Des invitées officielles ont pénétré dans l’atrium. Elles voudraient voir les yeux qu’on sent briller derrière le haïk des portes. Une main indiscrète soulève le rideau ; mais il est brusquement refermé et, sans formules, un gardien éloigne l’audacieuse qui n’a droit ni à l’amitié, ni à l’intimité du harem.
Dans les salles défendues, si nombreuses sont les musulmanes qu’elles s’entassent, confondant leurs brocarts et leurs parures dans une splendide débauche d’étoffes précieuses et de joyaux.
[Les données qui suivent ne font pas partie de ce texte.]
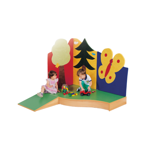 Die 2 mm - ABS Sicherheitskanten an der Podestplatte aus 19 mm E 1-Feinspanplatte gewährleistet eine beanspruchungsfähige Kante, die den täglichen Beanspruchungen auch auf den geschwungenen Konturen ohne weiteres standhält. Der Oberplattenbelag besitzt eine strapazierfähige und pflegeleichte Oberfläche, er besteht aus geräuschdämmendem Linoleum und ist kratzfest, abwisch- und desinfizierbar, die Linoleumfarbe ist aus mehreren fröhlichen Farben wählbar. Das Dekor des Podestkorpus wird ebenfalls in mehreren Varianten angeboten: bitte wählen Sie bei der Bestellung!
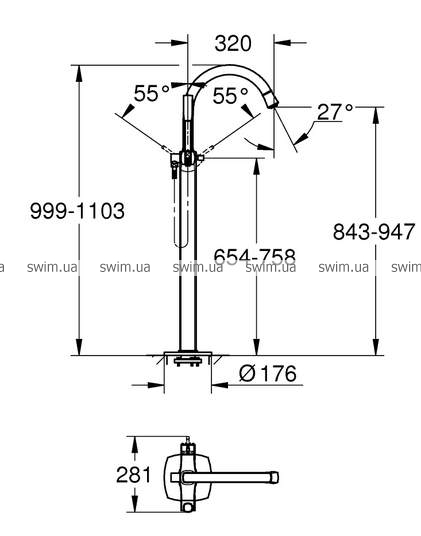 - Для установки необходим 45984001 Монтажный набор для напольного смесителя GROHE
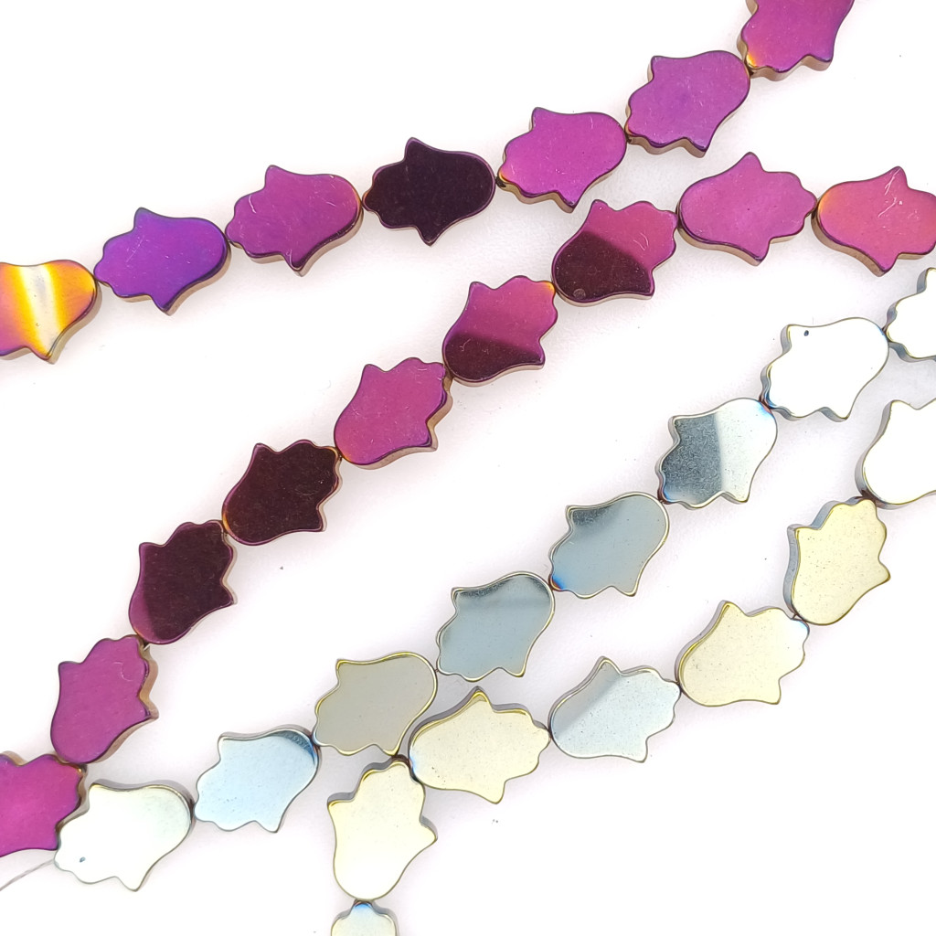 Szivárványos Ezüst Hematit Hamsa Kéz Ásványgyöngy 13x10,5mm
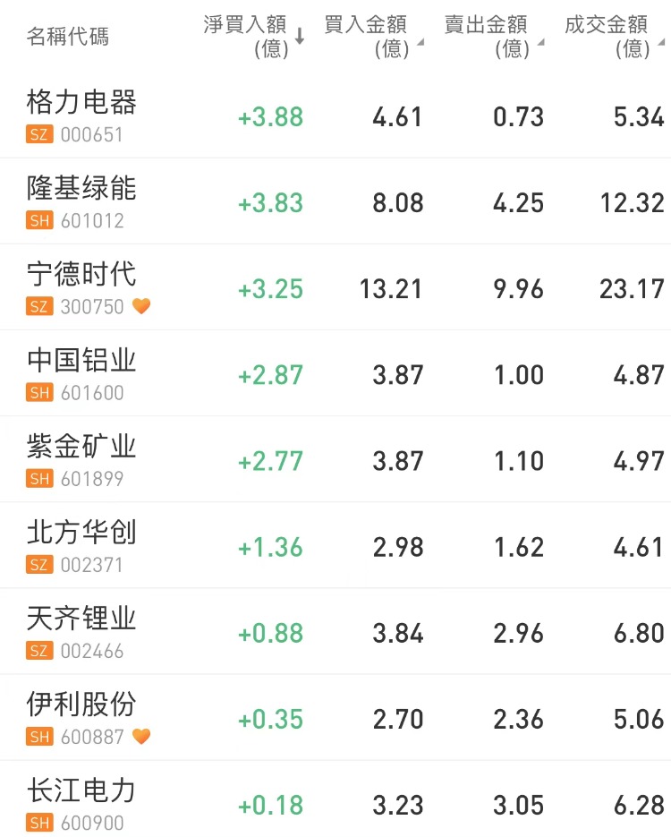 北上资金今日净买入格力电器3.88亿元,为今日买入之最;净买入隆基绿能3.83亿元。
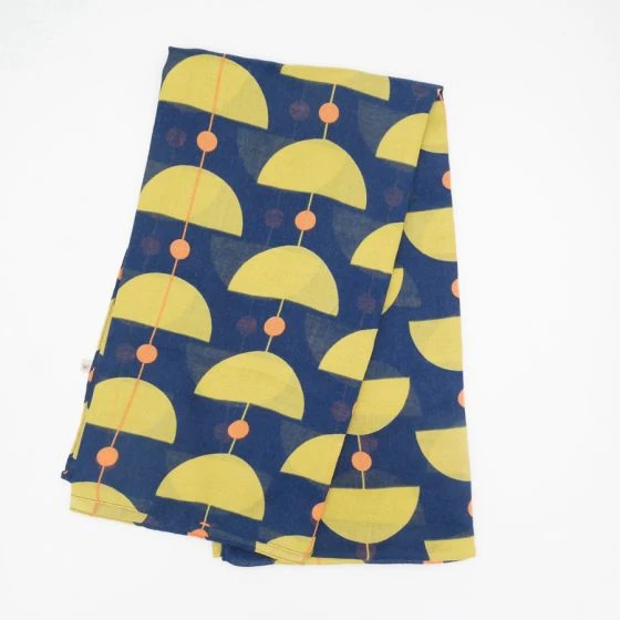 Navy blue scarf featuring a retro shapes repeat print
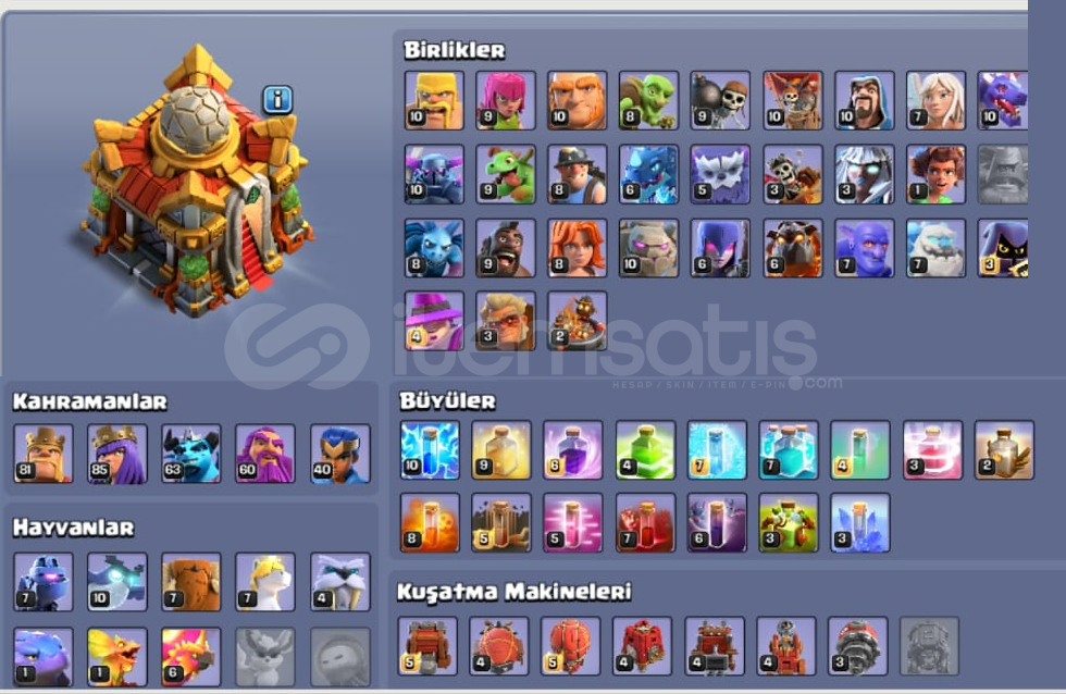 15 BELEDİYE ( KAHRAMAN VE BAZI TUZAKLAR HARİCİ ) MAX HESAPHESAP BİLGİLERİ GÖRSELLERDEKİ GİBİDİR EXTRA SORMAK İSTEDİĞİNİZ ŞEYLERİ YAZABİLİRSİNİZ.+5000 KUPALI CR HESABIDA BAGLIDIR SUPERCELLE (BAYADIR GİRMİYORUM)HESAP VERDİĞİNİZ MAİLE AKTARILACAKTIR.
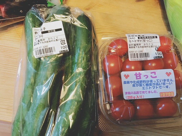 きゅうりは5本で100円、ミニトマトは糖度が高いのに150円。
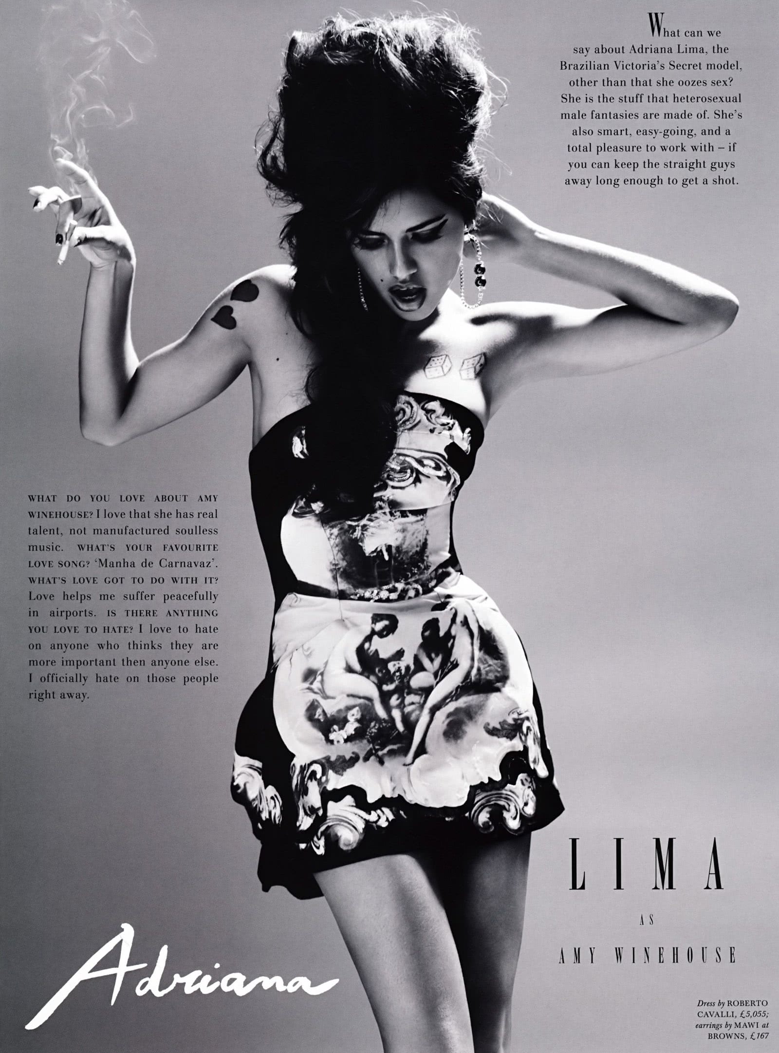 Прилизанный начес и аккуратная подводка не шли ни в какое сравнение со стилем Уайнхаус — ее стрелки всегда были размашистыми, а прическа растрепанной. Намного лучше передать образ Эми получилось у Адрианы Лимы в фотосессии для журнала Love — ретронеопрятность певицы была видна во всем, вплоть до разрозненных переводных татуировок.
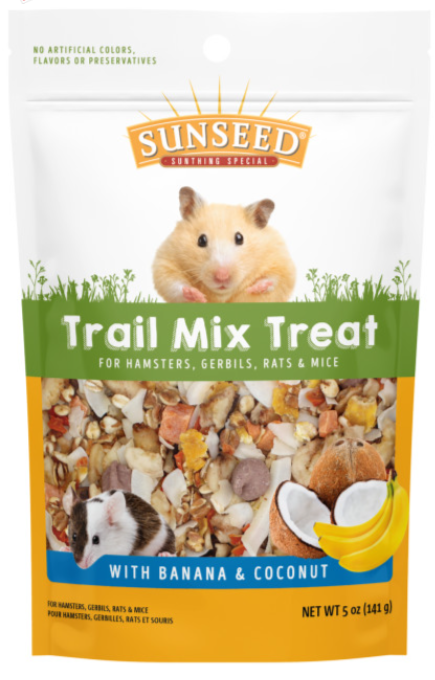 Made with real dried banana, coconut, and other delicious ingredients, Trail Mix Treat is a hearty snack and fun foraging treat for hamsters, rats, and mice. Makes for a great foraging snack or flavorful pellet food topper!
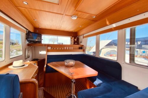 Geräumiges Pilothouse: Viel Platz und Komfort für längere Fahrten oder entspannte Stunden an Bord.
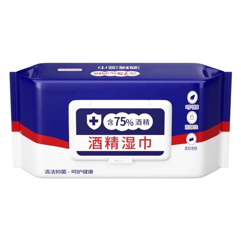 80抽含75度酒精湿巾消毒办公家用卫生杀菌专用湿纸巾大包便携清洁
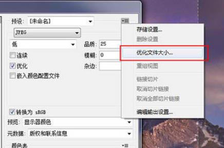 然后我们点击预设旁边的小箭头,在弹出的菜单中选择【优化文件大小】。
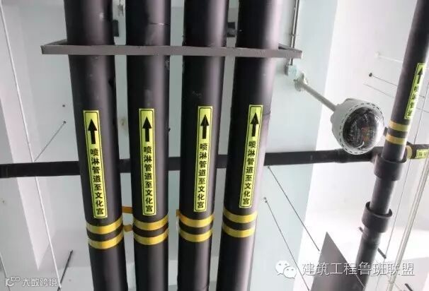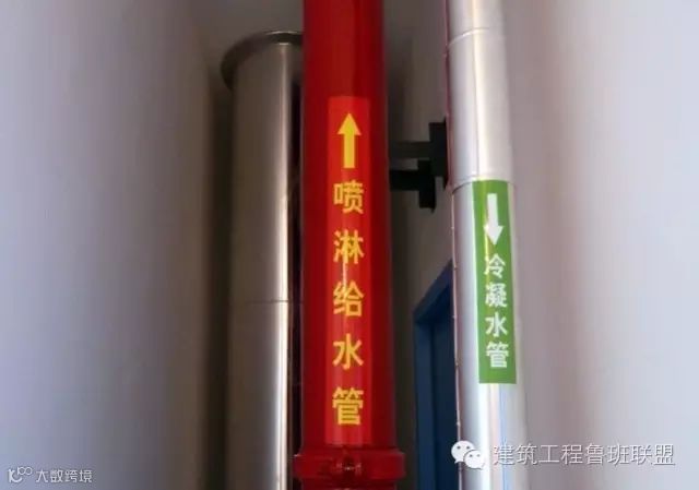 在规范中,对各种管线都有油漆颜色的要求。如:消防喷淋管红色,火灾报警管线白色防火涂料。在地下室机房等管线集中的场所,怎样强化管线、而弱化支吊架,是值得研究的问题。一些对颜色没有严格要求的管线,如果颜色配置的好,将对观感起到很好的作用,色彩运用得好,就会使人有光彩夺目的感觉。强化管线颜色、弱化支架的颜色,突出管线的美。各类管线标识、文字与流向箭头、大小、颜色、管道的位置,都将对工程质量起到点缀作用。
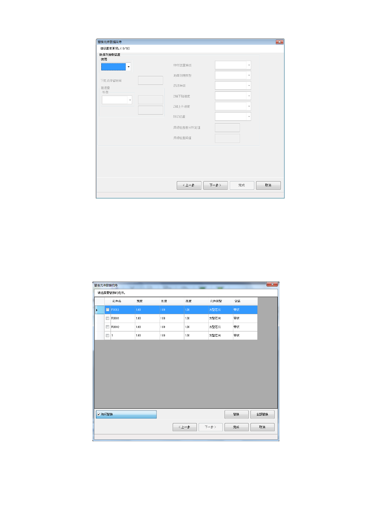 第 1 部 基本篇 第 4 章 制作生产程序 4- 173 显示元件数据选 项的内容。 在各数据中输入 要变更的相关值。 对话框的下部会 显示输入范围。 按 [ 上一步 ] 按钮返回到前一个画 面。 按 [ 下一步 ] 按钮移动到下一个画 面。 按 [ 取消 ] 按钮中断 处理,关闭 对话框。 显示目前为止输 入的 内容。 按 [ 替换 ] 按钮,可逐一变换选 择的记录数 据 。 按 [ 全部替换 ] 按钮,进行全部数据的 变换 。
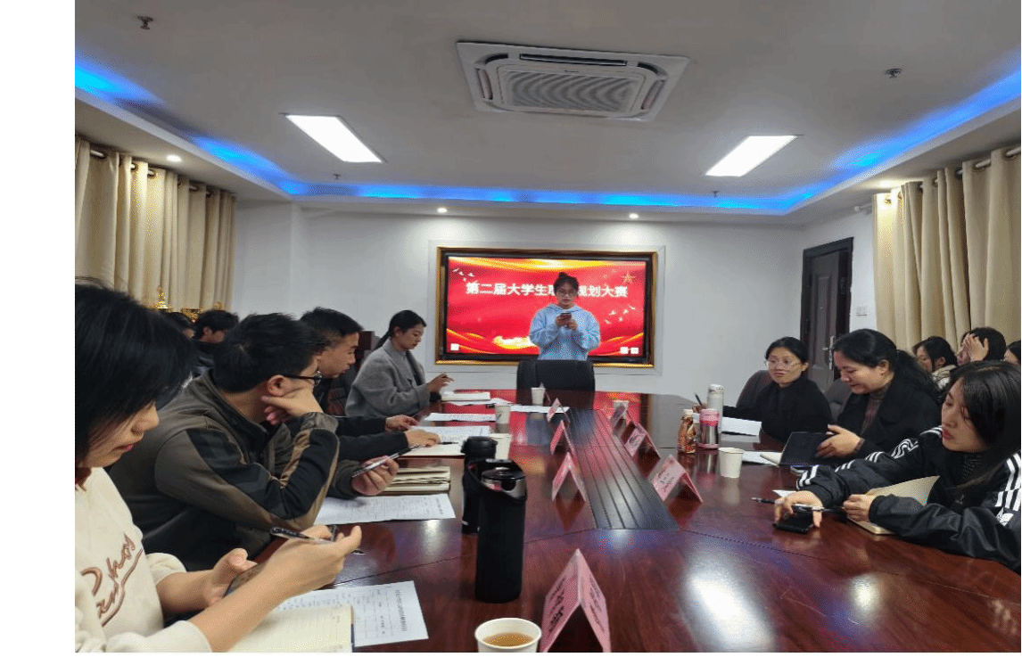 (本网讯)为帮助学生明确职业方向,提升职业规划能力,为未来的职场之路奠定坚实基础,12月4日下午3点,体育学院于体育馆237会议室举办职业生涯规划院赛。体育学院直属党支部副书记范则周、学工办主任黄涛、团总支书记邓玉平、体育经济与管理系主任文杰、教师张叶、曹智颖、家三爱、易钰杰以及全体参赛同学参与活动。会议由体育学院科创部副部长周爽主持。
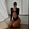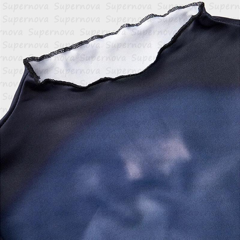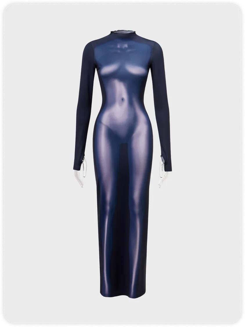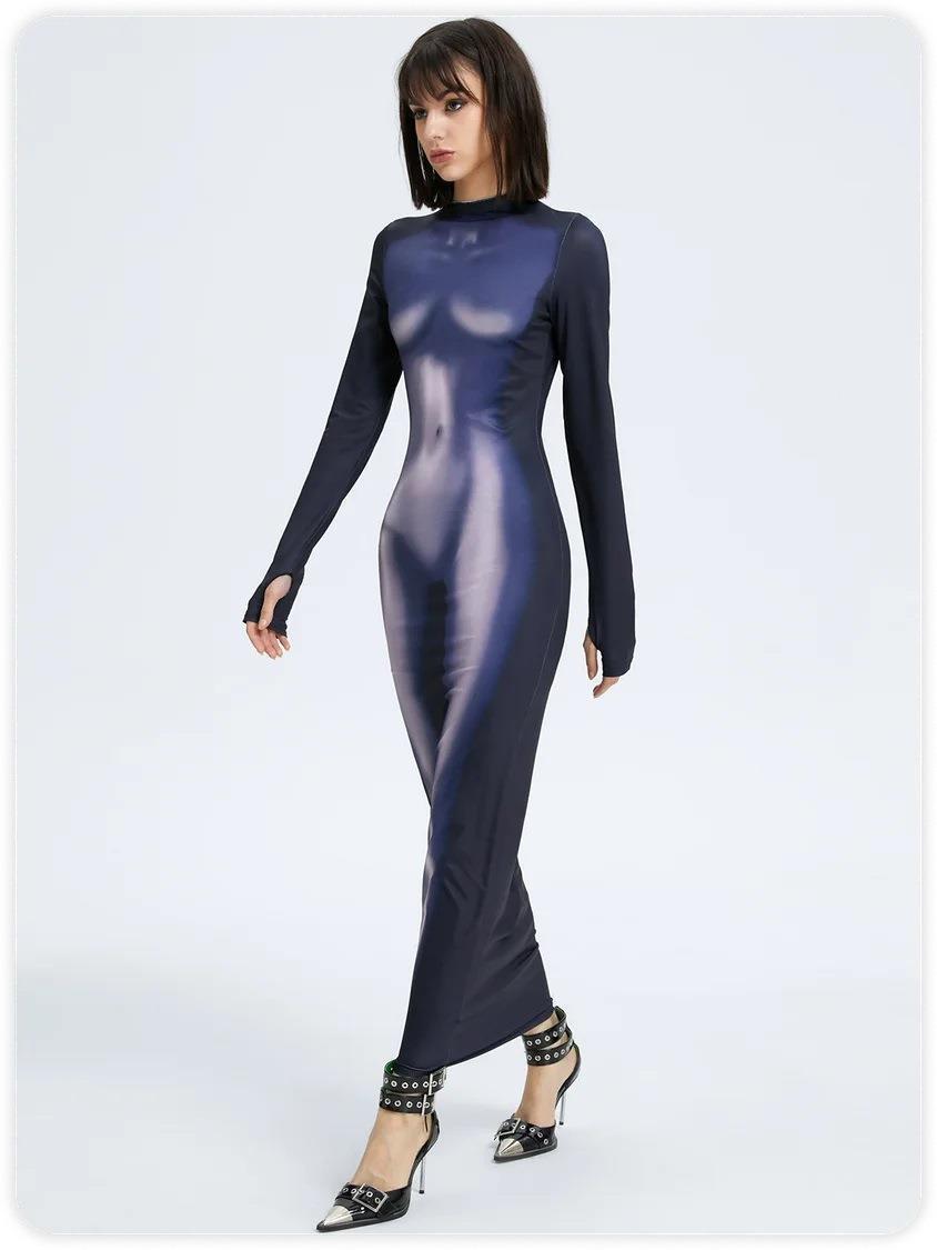 Vestido Europeo y Americano Transfronterizo Degradado de Manga Larga Cuerpo Humano Cuello Redondo Estampado Sexy Mostrando Pechos Y2K Retro Ajustado Sexy
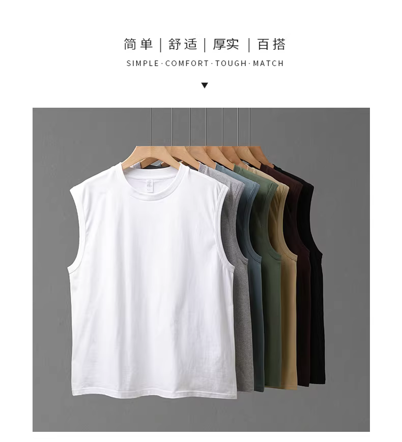 - Áo ba lỗ nam cotton 100% dày dặn 250G, mùa hè, dáng rộng, cổ tròn, thể thao, tập luyện, màu trắng
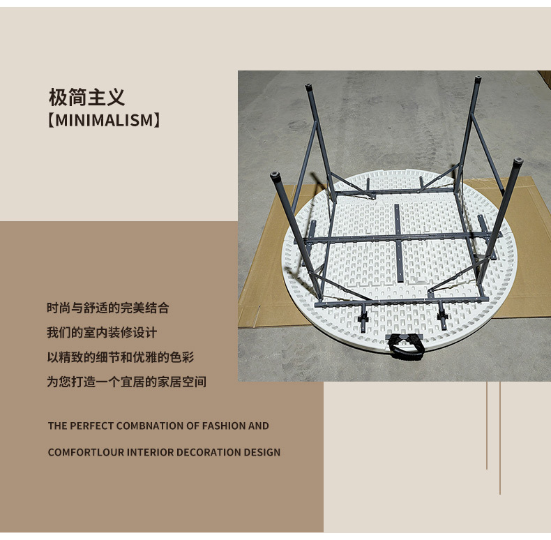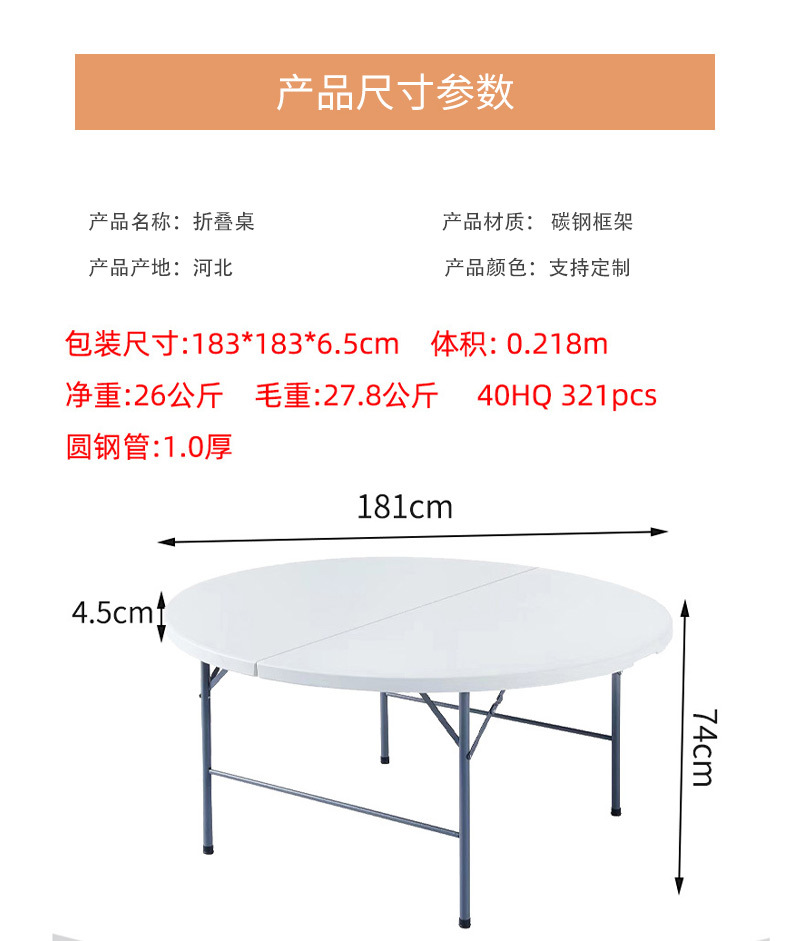 라운드 간단한 접이식 휴대용 식탁 호텔 레스토랑 대형 원형 테이블 야외 저녁 식사 플라스틱 가정용 식탁
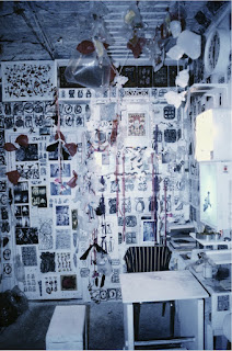 Epoxy. Works on Wall (Partial). The United States, 1983. Paper cutouts, plastic bags, and other found objects @ 2016 Asia Art Archive (蛙王的壁上創作以剪紙、膠袋及現成物作素材) |
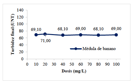 La médula de banano removió la turbidez del agua del río Magdalena en 67,57% cuando inicialmente este parámetro tenía un valor de 210,00 UNT. Este porcentaje de remoción es menor al obtenido en el año 2016, en la cuenca del río Nairobi-Kenia, donde se determinó que una dosis de 100 mg/L de médula de banano remueve el 98,56% de la turbidez del agua, que inicialmente tenía 279 UNT; finalmente este parámetro alcanza un valor de 4 UNT cuando el agua de este río tiene un pH de 4,0 [18].

Les bougies perdent leur fragile clarté parmi tant d’étincellements.
Lella Fatime est en costume indigène pour flatter ses hôtes. Noura porte une simple robe blanche et Mouni est différente de toutes les jeunes filles aux hennins pointus, de toutes les jeunes femmes coiffées de tiares assyriennes, les corps gaînés de gandourahs longues. Elle n’a qu’une tunique vert pâle et une mousseline soyeuse drapée à la manière du Sud, qui rappelle celle de la Grèce, agrafée aux épaules de fibules berbères, ceinturée d’une écharpe légère. Sous la coiffure basse aux foulards lamés d’argent, son visage doré sourit entre deux lourdes tresses brunes.
Il y a des bavardages puérils et des paroles véhémentes.
Une femme s’écrie :
— Vraiment, je me dispute avec mon mari. Je me disputerai longtemps et mon fils n’ira pas au collège comme son père le désire. Les hommes sont lâches ! Le mien veut cette chose pour flatter ses chefs. Vraiment, il les flatte pour obtenir ce qu’ils ont promis, un petit ruban comme celui que le cadhi met sur son burnous. Par Dieu ! mon fils n’ira pas avec les chrétiens pour apprendre l’ivrognerie et l’oubli de sa religion !
— Moi, avoue une autre, mon mari a tant crié et frappé que j’ai consenti, pour la paix.
Et la première dédaigneuse :
— Tu es de celles qui se laissent battre.